Health Blog

The Physical and Psychological Injury

by Frankie Wythe on 26 June 2018 10:19

Injuries are an accepted aspect of participating in sports and can range from being annoying but without any real impact to being more serious injuries that can prevent sporting activity and require rehabilitation. We can often see the physical injury, but the psychological impact of injury often goes unnoticed by everyone other than the injured individual.

People engage in sports for a number of reasons whether this is to compete and rise to challenges, to develop teamwork and leadership skills within a social environment, to just have fun and exercise or to boost self-esteem and confidence, as well as many other reasons. When we experience an injury there is a sudden change to our routine and physical ability as well as the concern over what may have happened (although there is no direct link between pain and damage). This may result in changes to lifestyle, hobbies and confusion as to how best manage and rehabilitate the injury. 

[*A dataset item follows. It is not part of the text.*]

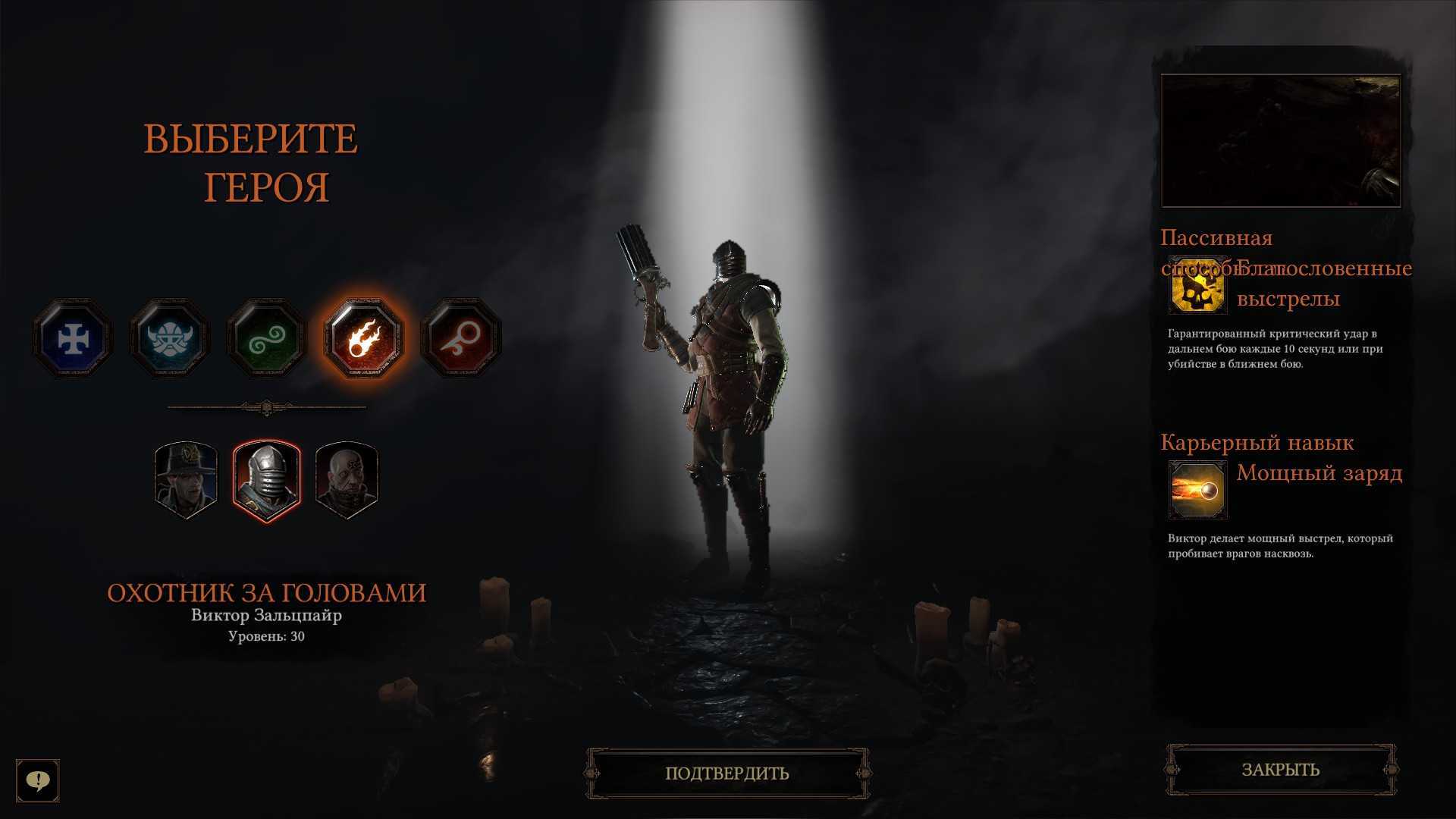 Бардин и Светлый Волшебник используют именно такие пушки, т.к. их способности располагают к подобному типу оружия. Выбирайте таких героев только в том случае, если уже освоились с Warhammer Vermintide 2.

As such there are a whole range of emotions that can be experienced when injured and ‘side-lined’ which can range from disappointment and sadness to apathy and low motivation; can include anger and frustration at  people and things that would not normally cause these reactions. Our sleep and appetite can be negatively affected and we can begin to feel isolated when having to take a break from our hobbies or social groups.Furthermore there can be a sense of failure for not being able to perform at a high standard, or guilt for not being able to support teammates but instead now being reliant on the support and work of others.  

Injuries may be expected in sports, but in everyday non-sporting life injuries can have just as much of an impact on the way we feel and our self-worth. Whereas an athlete may feel they cannot admit or display their injury to their team or coach, a normal individual when injured may feel they cannot acknowledge and injury because of daily demands of modern life, work and caring for others. Therefore injuries in everyday life for a non-sporting individual can have just as much psychological impact as a sporting injury due to the mental turmoil that may be experienced. 

The human body is incredible but it is not invincible and injuries are a normal part of life that everyone will  experience at some point in their lifetime. Injuries can be frustrating and debilitating and it can be difficult to have a positive outlook during these times, but most injuries are a temporary situation and will improve. Furthermore it is important to remember that recovery is rarely a linear process and setbacks, ups and downs are all a normal part of the healing and recovery process.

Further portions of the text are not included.